Mr Coveney was responding following a challenge from Fianna Fáil leader Micheál Martin who said that if there was an alternative to the Oireachtas committee’s recommendation “there’s an obligation to publish that alternative, to formulate it precisely and clearly so that there would be clarity about what people are saying”.
In an interview last week Mr Coveney expressed his opposition to abortion on request up to 12 weeks and suggested that in cases of rape a doctor could decide on an abortion beyond 12 weeks.
Mr Martin said on RTÉ’s This Week radio programme: “It’s one thing to support the removal of the Eighth Amendment but I think there is an obligation that rather than just articulating a view or some vague idea as to what might replace it that it would be far more precise and clear in advance”.
A spokesman for the Tánaiste said on Sunday however that he was “united with the Cabinet in deciding on a repeal and replace referendum.
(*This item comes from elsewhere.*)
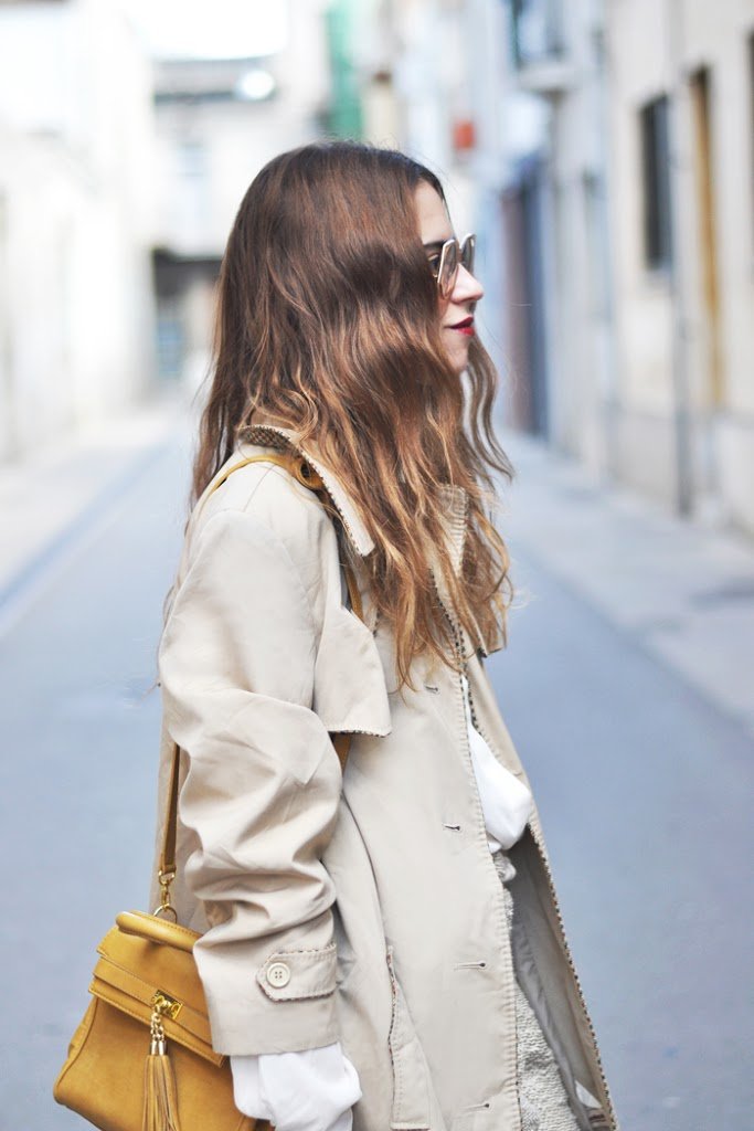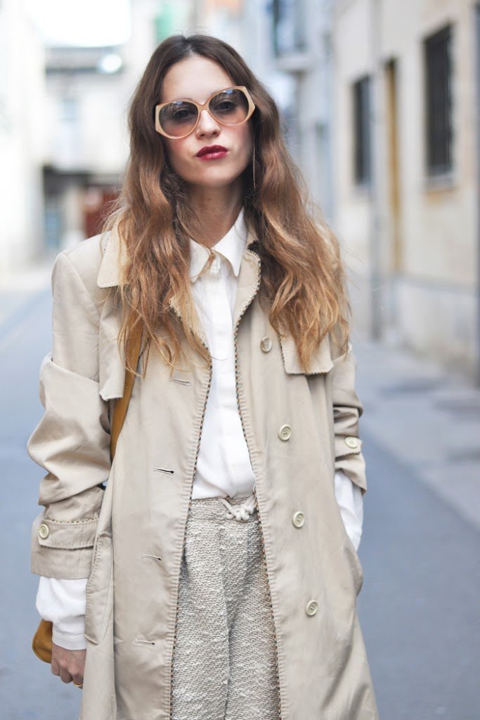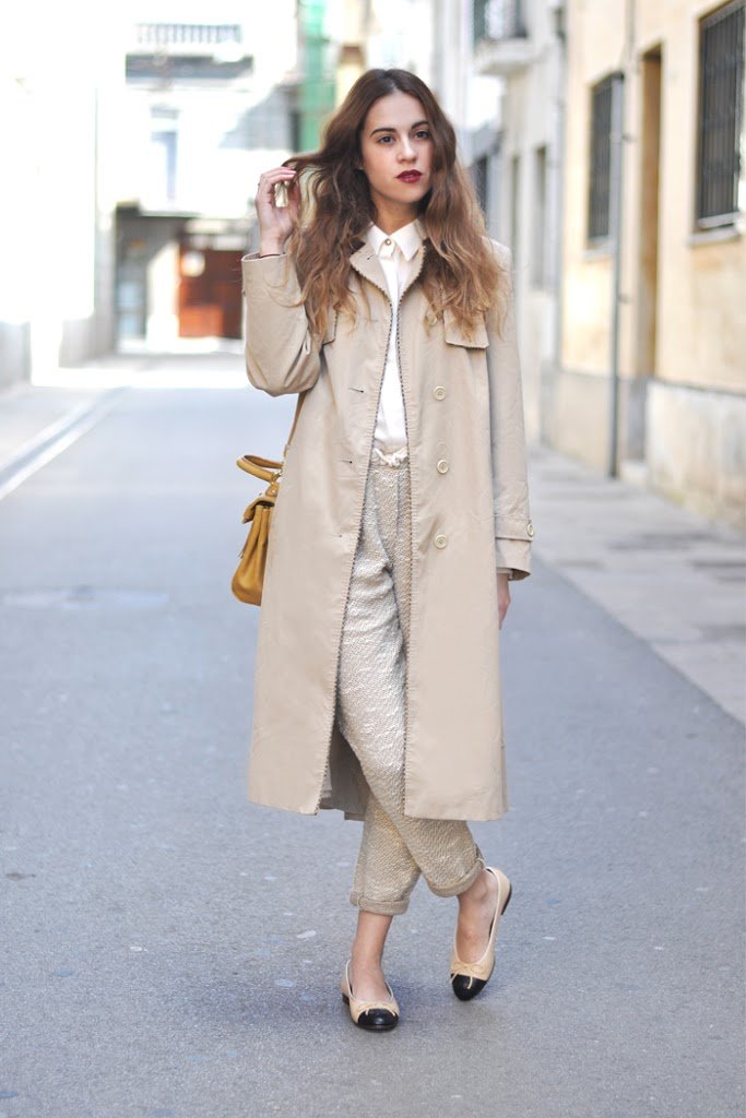 I love to combine items that have the «same» color. And if you are comfortable with this chic, much better. Again a look with my dancers, I will sure many looks with them, a white shirt, casual trousers and my new trench I bought in Paris this last time.

He believes we have a once in a generation chance and will campaign for a Yes vote as a No result will mean nothing can change.
“He respects that the Minister for Health must now prepare heads of legislation in line with the committee’s report and he will get his chance to input into the legislation process when it comes before the Oireachtas.”
Earlier on Sunday Minister for Health Simon Harris said he did not know if Mr Coveney’s suggestion in relation to rape was workable but said he did know that the plan put forward by the Oireachtas committee was workable.
Mr Harris said that if people vote to repeal the Eighth Amendment and that could not be taken for granted, “then we will have to scrutinise law, like any other law”.
He warned however on RTÉ’s The Week in Politics that “there be no change for no circumstance if we keep the Eighth Amendment - rape incest, fatal foetal abnormality, women’s health, women’s mental health, a child who is raped and has to carry a pregnancy to full term. All of these situations will continue in Ireland if we don’t remove the Eighth.”
Mr Harris said “it would be really regrettable if we spend the next number of weeks talking about legislation and spend next number of weeks and taking for granted that major decision to repeal the Eighth Amendment. If Irish people decide to leave the Eighth, the rest of the conversation is hypothetical.”
The Oireachtas Commitee on the Eighth Amendment recommended repeal of the amendment - which guarantees the equal right to life of the mother and unborn child - and to repace it with legislation allowing for terminations on request up to 12 weeks.